→ Exercise prompt:
Apart from pictures, transcribe exactly each line from the one containing "ワンピース ティアードワンピ 半袖]" through the final line of the listing below.

● ● ● ●

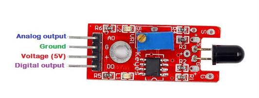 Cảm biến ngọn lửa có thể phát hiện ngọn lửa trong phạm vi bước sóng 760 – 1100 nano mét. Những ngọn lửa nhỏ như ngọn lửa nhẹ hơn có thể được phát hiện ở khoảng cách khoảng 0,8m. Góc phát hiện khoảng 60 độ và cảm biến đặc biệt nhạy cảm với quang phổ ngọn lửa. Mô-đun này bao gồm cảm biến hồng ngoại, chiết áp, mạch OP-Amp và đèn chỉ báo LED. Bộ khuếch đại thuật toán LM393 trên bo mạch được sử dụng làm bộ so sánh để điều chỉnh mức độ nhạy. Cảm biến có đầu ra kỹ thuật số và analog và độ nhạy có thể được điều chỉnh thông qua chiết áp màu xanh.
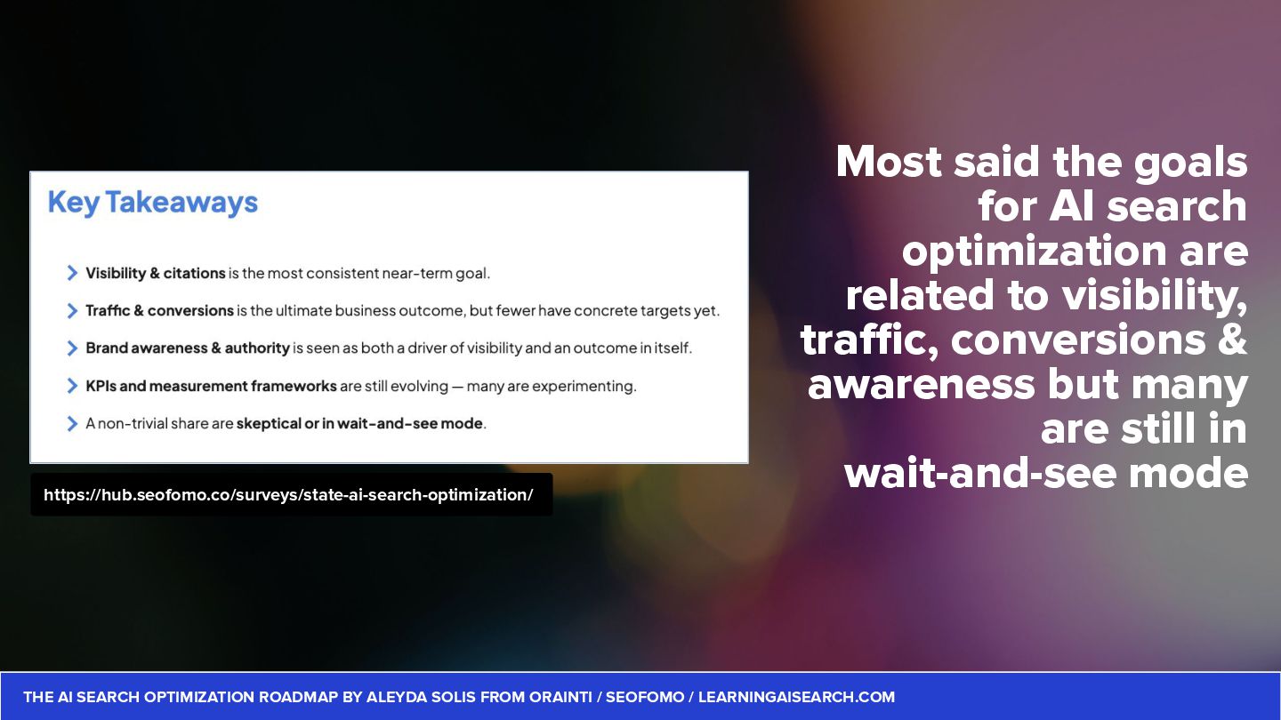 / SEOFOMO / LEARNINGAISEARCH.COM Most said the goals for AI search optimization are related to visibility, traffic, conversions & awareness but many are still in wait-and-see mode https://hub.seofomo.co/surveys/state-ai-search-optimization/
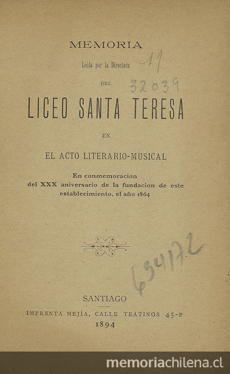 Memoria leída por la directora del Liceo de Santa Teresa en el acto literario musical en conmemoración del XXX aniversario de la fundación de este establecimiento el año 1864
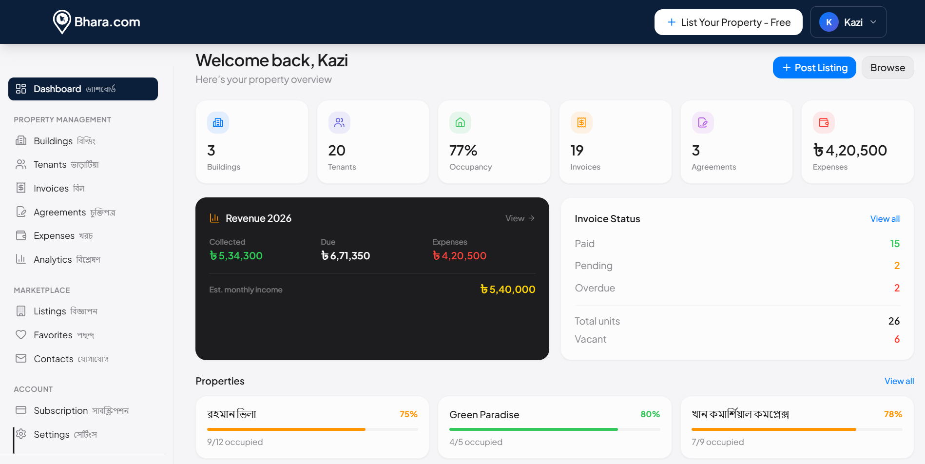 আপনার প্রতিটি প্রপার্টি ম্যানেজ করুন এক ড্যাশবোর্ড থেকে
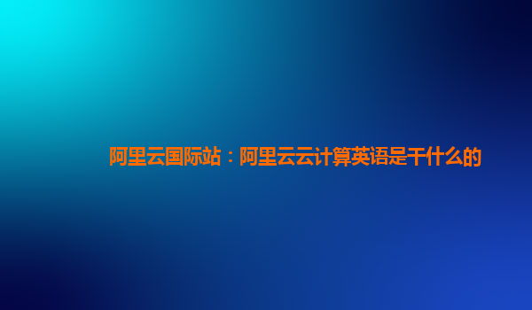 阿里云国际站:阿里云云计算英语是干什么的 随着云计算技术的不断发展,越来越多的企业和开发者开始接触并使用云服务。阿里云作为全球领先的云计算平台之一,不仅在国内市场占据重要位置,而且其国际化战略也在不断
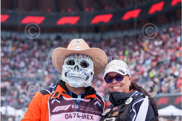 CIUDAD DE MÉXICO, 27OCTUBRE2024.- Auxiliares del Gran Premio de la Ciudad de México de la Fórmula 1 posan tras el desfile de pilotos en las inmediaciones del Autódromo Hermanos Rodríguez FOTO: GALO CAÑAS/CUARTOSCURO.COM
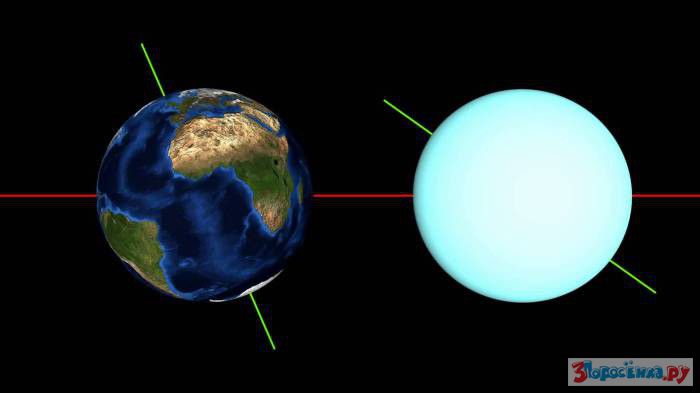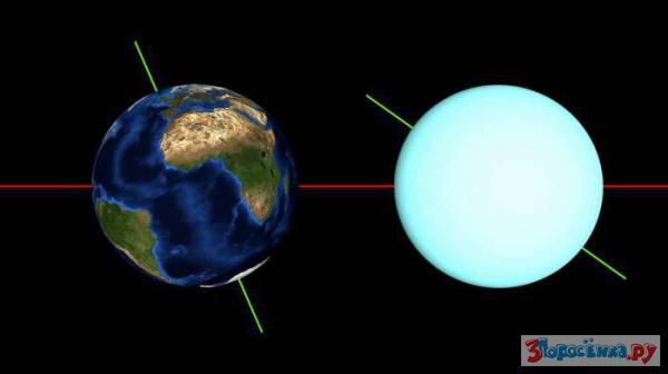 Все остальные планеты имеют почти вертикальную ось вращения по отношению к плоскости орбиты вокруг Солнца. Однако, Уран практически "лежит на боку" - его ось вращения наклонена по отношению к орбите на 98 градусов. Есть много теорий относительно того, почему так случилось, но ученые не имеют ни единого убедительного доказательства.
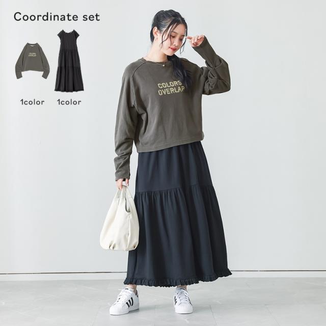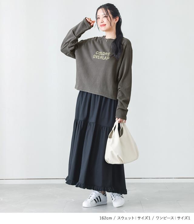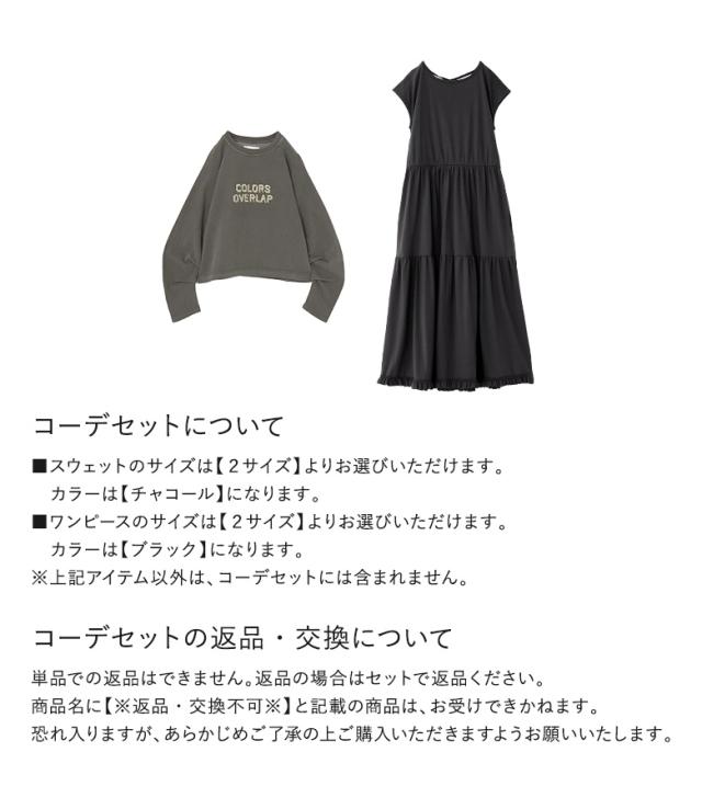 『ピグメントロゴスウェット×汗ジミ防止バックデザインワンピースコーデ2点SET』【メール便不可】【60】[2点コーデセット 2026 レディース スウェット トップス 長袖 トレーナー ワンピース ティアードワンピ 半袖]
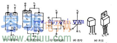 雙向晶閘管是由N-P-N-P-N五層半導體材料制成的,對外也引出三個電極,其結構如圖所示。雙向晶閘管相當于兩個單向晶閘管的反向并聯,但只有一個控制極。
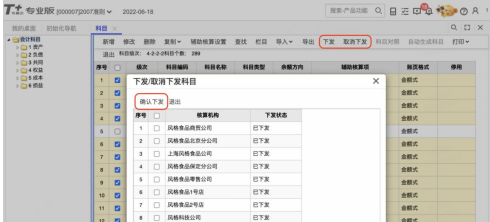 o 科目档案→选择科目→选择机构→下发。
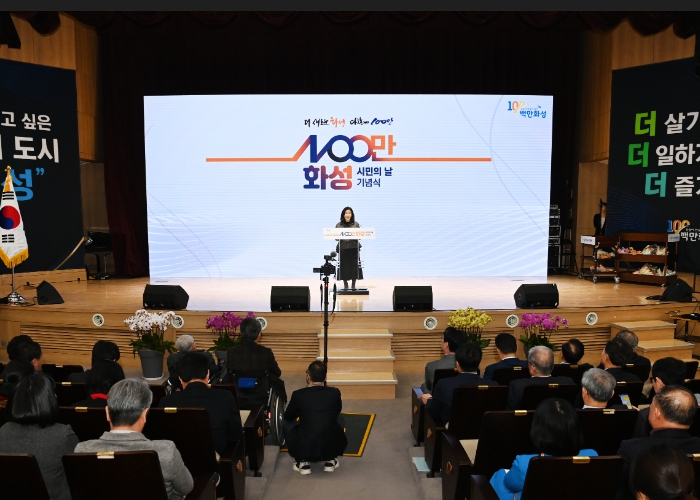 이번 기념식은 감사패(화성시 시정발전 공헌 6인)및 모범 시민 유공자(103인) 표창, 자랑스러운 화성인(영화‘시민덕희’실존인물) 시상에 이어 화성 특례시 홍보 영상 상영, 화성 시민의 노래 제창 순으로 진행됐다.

● ● ● ●

→ Exercise output:
 『ピグメントロゴスウェット×汗ジミ防止バックデザインワンピースコーデ2点SET』【メール便不可】【60】[2点コーデセット 2026 レディース スウェット トップス 長袖 トレーナー ワンピース ティアードワンピ 半袖]
 雙向晶閘管是由N-P-N-P-N五層半導體材料制成的,對外也引出三個電極,其結構如圖所示。雙向晶閘管相當于兩個單向晶閘管的反向并聯,但只有一個控制極。
 o 科目档案→选择科目→选择机构→下发。
 이번 기념식은 감사패(화성시 시정발전 공헌 6인)및 모범 시민 유공자(103인) 표창, 자랑스러운 화성인(영화‘시민덕희’실존인물) 시상에 이어 화성 특례시 홍보 영상 상영, 화성 시민의 노래 제창 순으로 진행됐다.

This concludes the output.